Allow a tunable "primary affinity" in the OSDMap to shift "primaryness" away from overloaded or struggling OSDs


  • Sage Weil (Inktank)

Interested Parties

Current Status

Please describe the current status of Ceph as it relates to this blueprint. Is there something that this replaces? Are there current features that are related?abi
Currently we have two levels of weighting in teh OSDMap:
  • crush weight: controls the proportional amount of data (pgs) an osd gets. normally measured in TB of capacity.
  • osd weight: a value from 0 to 1 that shifts data away from a node (0 out, 1 in, .5 == remap 50% of the pgs away from this osd)

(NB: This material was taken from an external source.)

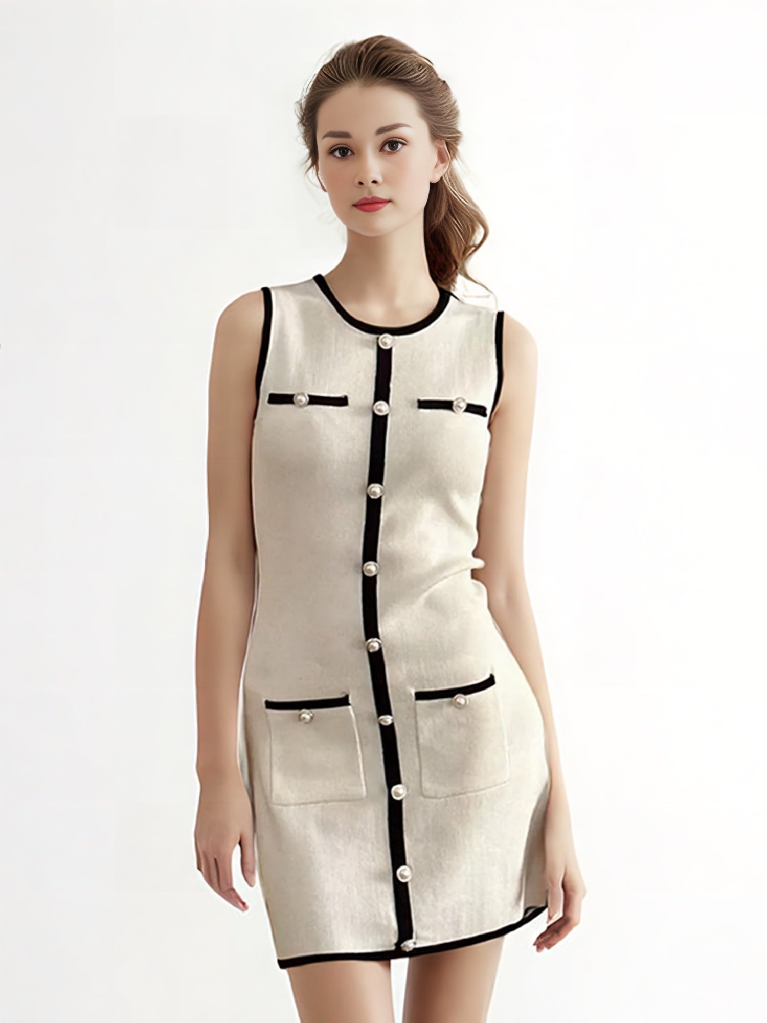 This Elegant Knitting Slimming Dress exudes sophistication and luxury. The delicate knit design, reminiscent of the fashion house Chanel, enhances your silhouette for a slimming effect. The sleeveless style and v-neckline add a touch of femininity to this exquisite piece, perfect for any occasion.

The problem is that the resulting mapping is where both read and write traffic goes. It is generally very expensive to adjust this mapping because actual data has to be moved between devices.
However, although write traffic always goes to all OSDs that a PG maps to, read traffic normally only goes to the primary.

Detailed Description

By choosing a different primary (simply reordering the pg mapping), we can move the read workload around with minimal cost. The idea here is to add a new OSD property to the OSDMap:
  • primary_affinity -- value between 0 and 1, defined for each osd in the map
Normally this value is 1. If it is less than one, we prefer a different OSD in the crush result set with appropriate probability. For example:
  1. for PG x, CRUSH returns [a, b, c]
  2. a has primary_affinity of .5, b and c have 1
  3. with 50% probability, we will choose b or c instead of a. that is,
    1. 50%: [a, b,c ]
    2. 25%: [b, a, c]
    3. 25%: [c, a b]
    4. (this is of course deterministic, based on hash(x); it will always be one of the above)

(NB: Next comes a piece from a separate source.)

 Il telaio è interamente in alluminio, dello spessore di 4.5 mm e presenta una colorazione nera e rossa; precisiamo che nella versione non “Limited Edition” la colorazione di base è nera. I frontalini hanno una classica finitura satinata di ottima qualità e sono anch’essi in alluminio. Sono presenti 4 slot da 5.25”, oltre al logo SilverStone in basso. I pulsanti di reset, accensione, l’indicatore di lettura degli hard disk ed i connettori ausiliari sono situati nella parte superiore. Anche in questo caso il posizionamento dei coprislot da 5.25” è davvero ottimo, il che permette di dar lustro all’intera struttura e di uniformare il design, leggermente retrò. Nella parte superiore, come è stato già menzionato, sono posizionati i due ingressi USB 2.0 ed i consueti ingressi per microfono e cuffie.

There will be cli commands to adjust this value:

ceph osd primary-affinity osd.23 .5

Work items

Coding tasks

  1. create a feature bit for this feature
  2. osdmap: add the field, add it to the encoding
    1. this will be somewhat tricky: we need to encode the old format if the target encoding does not include the feature
    2. note that if the feature is present, we may consider doing a completely fresh encoding strategy that is more easily maintainable (the current approach kind of sucks!)
    3. make sure the reequired_features() method/helper (whatever it is called) indicates when there exists a non-1 primary_affinity
  3. osdmap: adjust the mapping function to reorder the output of the crush mapping based on the affinity
    1. note that this should happen close to the crush output, before the pg_temp potentially overrides this value. if there is a pg_temp entry, it should be used as-is irregardless of what the primary-affinity is.
  4. osdmap: add a few simple unit tests that verify that a primary-affinity of 0 means that (in the absense of down/out nodes) an osd is never chosen as the primary
  5. mon: add cli methos to adjust the primary-affinity
  6. linux kernel: add support for the new osdmap encoding
  7. linux kenrel: add support for the mapping primary-affinity logic

Documentation tasks

  1. document the feature!